> [AIM OF THE EXERCISE] Would you please output, word for word, the span of the listing below that opens on the line containing "予梦家纺 2025新款牛奶绒加厚刺绣床护垫床垫保护套 辛德拉-小白熊灰" and closes on the line containing "JNF Wenge Series"? Include both ends and nothing more.

> [SUPPLIED ENTRIES]
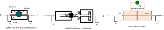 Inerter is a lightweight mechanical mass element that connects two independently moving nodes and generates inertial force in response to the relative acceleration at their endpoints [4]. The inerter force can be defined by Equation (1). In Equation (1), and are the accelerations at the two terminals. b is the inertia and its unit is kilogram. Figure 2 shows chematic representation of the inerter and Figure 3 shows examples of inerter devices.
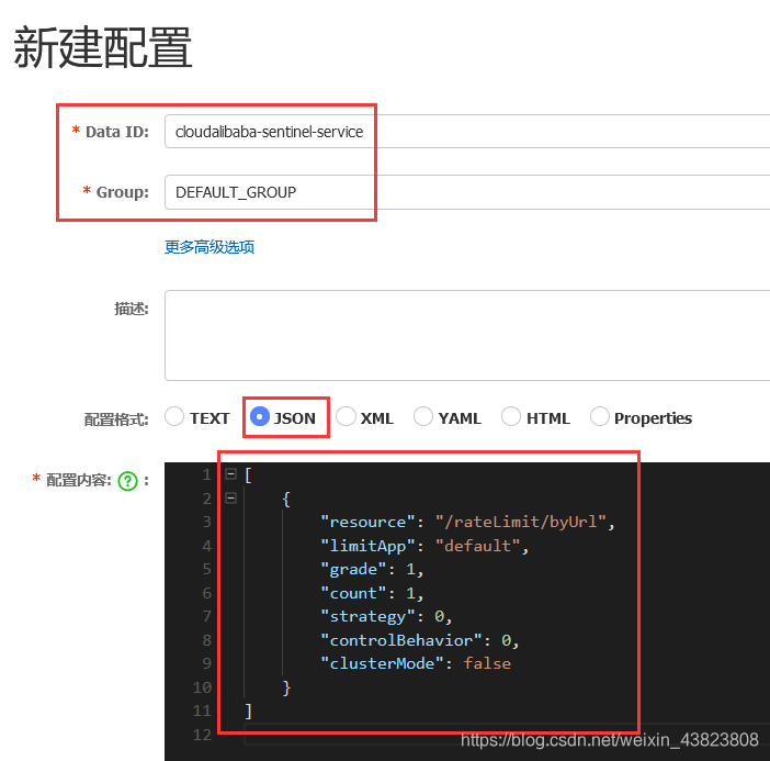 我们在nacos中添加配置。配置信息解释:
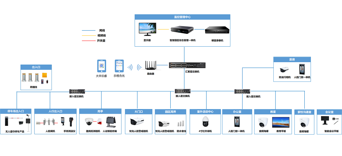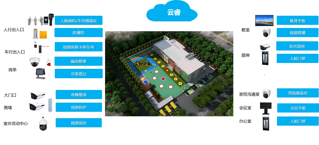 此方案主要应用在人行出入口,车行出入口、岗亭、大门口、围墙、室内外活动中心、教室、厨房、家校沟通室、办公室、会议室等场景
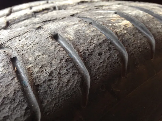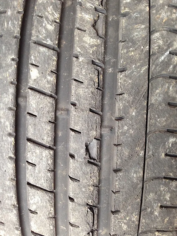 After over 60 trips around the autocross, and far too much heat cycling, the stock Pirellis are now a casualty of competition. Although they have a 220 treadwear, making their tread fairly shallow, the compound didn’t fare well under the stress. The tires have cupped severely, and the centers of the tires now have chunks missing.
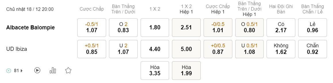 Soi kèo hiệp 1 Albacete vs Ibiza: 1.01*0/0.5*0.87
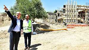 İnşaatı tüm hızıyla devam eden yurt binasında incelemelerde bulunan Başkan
* * *
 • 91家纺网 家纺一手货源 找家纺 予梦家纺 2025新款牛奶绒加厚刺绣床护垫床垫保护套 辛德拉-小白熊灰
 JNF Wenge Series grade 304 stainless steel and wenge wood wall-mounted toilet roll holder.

> [SOLUTION TO THE EXERCISE]
 • 91家纺网 家纺一手货源 找家纺 予梦家纺 2025新款牛奶绒加厚刺绣床护垫床垫保护套 辛德拉-小白熊灰
 JNF Wenge Series grade 304 stainless steel and wenge wood wall-mounted toilet roll holder.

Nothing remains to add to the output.